Sample meds must be tracked
The emphasis on medication safety extends to sample medications and prescriptions, points out Marion Benson, vice president and executive director of Good Shepherd Ambulatory Surgical Center in Longview, TX. "The surveyor asked if we had sample medications or if we dispensed medications," she says. The policies that related to documentation of inventory, expiration dates, and order writing for these medications were reviewed, Benson says.
"We were surprised to find out that the complimentary eye bags that our ophthalmologists asked us to give their patients were considered medications," says Burgett. The bags, which are given to the physicians by pharmaceutical companies, contain items that a cataract patient needs following surgery such as eyedrops, patch, and eye shield, she explains. "The bags also have a pocket on the outside that we use to hold the card that contains information on the implant the patient received," Burgett adds.
Because the bags contain prescription eyedrops, the surveyor pointed out that they are considered medications and that the surgery center staff must log every bag received, verify and document expiration dates, and track distribution of each bag, she recalls. "Even if the drops are over-the-counter medications, it is still necessary for a staff person to check expiration dates and track distribution," Burgett points out. "We were distributing the bags as a convenience for both the patient and physician, but we've changed our practice since the survey," she says. Now, the eye bags are given to the patient in the physician's office prior to surgery, and her staff reminds the patient to use the eye drops at discharge, she adds.
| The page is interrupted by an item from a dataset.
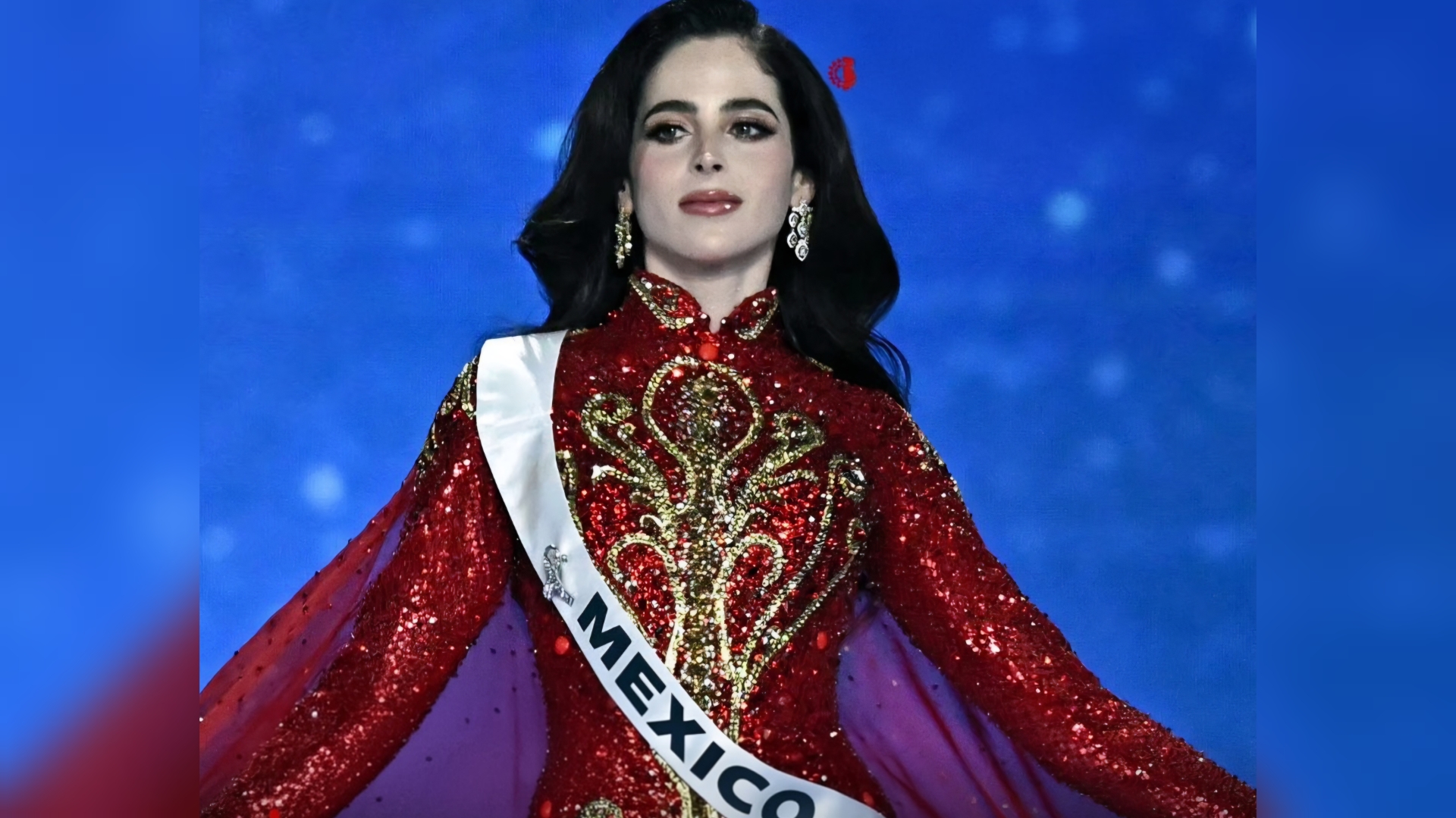 En la segunda etapa del certamen la mexicana utilizó un vestido de color rojo con arreglos en dorado.

Copy controlled substance prescriptions
Another tip from Burgett's surveyor is extra protection for the surgery program as well as the physician. "He recommended that we make a photocopy of every prescription for controlled substances that we give to patients and include that copy in the chart," she says. "Because prescriptions for controlled substances have been altered to obtain additional refills or increased number of pills, the copy in the chart proves the dose, frequency, and number of refills ordered by the physician."
In addition to medication safety practices, Heatherley's surveyor also asked about physicians' awareness of their responsibilities in case of a surgical fire. "He wanted to know that if he stopped a surgeon and asked him about his role in a patient fire, the surgeon could answer accurately," she says. The surveyor pointed out that the physician should say: "Remove any burning materials from the patient and help put the fire out by putting the materials on the floor and extinguishing the fire, control any bleeding and prepare patient in case evacuation is necessary, put sterile towels over the surgical site if we need to move the patient, otherwise, finish surgery as quickly as possible and help move the patient." There is no confusion in her center, and physicians do know their responsibilities, she says. "We have a chart posted in the OR that describes everyone's role," she adds. [See a copy of the fire responsibility chart.]
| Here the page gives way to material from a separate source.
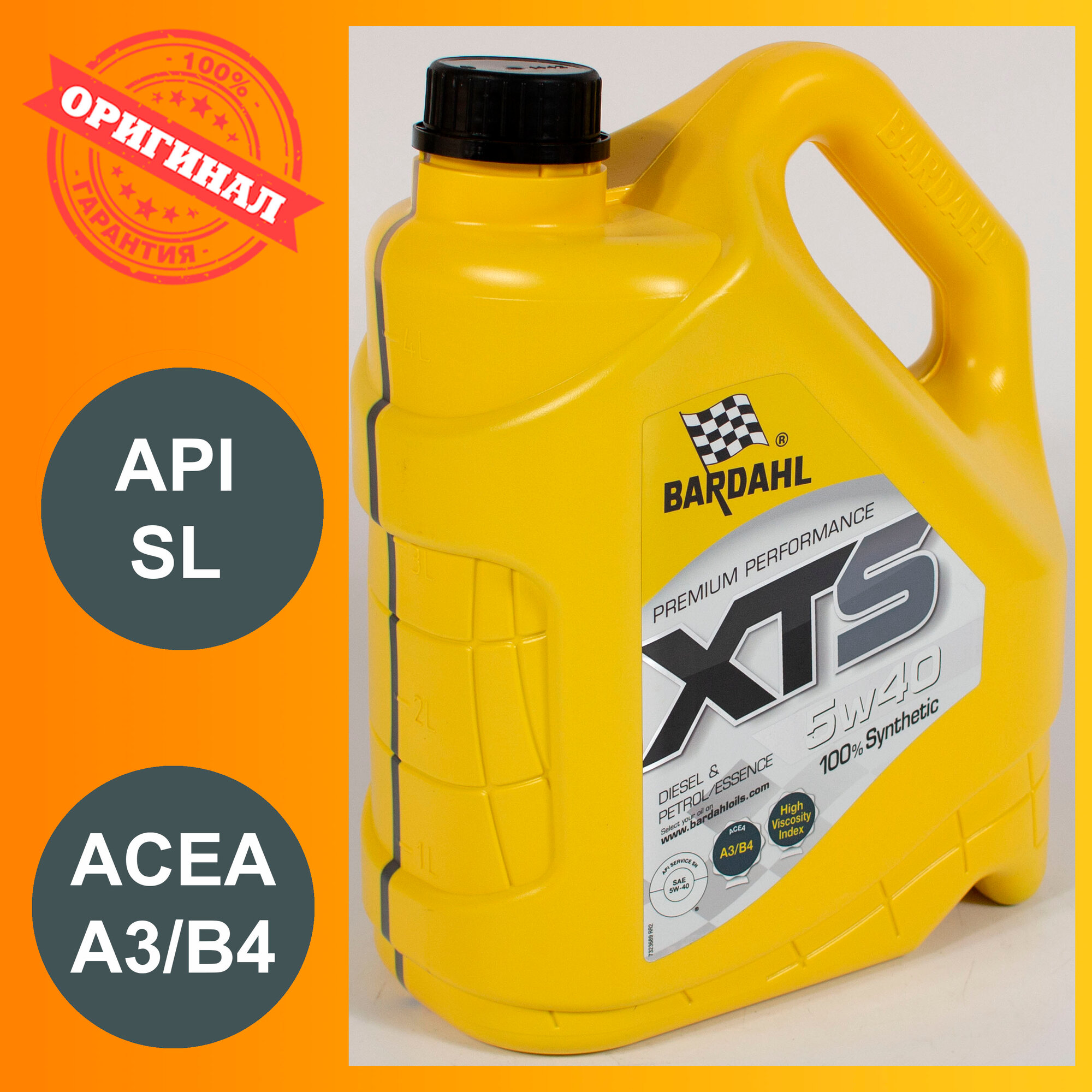 Масло моторное Bardahl XTS 5w40 синтетическое, API SN/CF, ACEA A3/B4, универсальное, 5л, арт. 36893

Physicians must be involved in all patient safety activities, Heatherley says. "Our surveyor wanted to see minutes of the medical executive committee and other medical committee meetings at which we presented quality improvement [QI] studies related to patient safety," she says. This was no problem for Heatherley, because physicians on these committees often will suggest QI studies and participate in the studies, she says.
Reporting trends and ideas for QI studies is not enough, says Heatherley. "Our surveyor wanted to see closure," she says. "He wanted to see how we report the study findings and actions taken to improve performance back to medical staff members."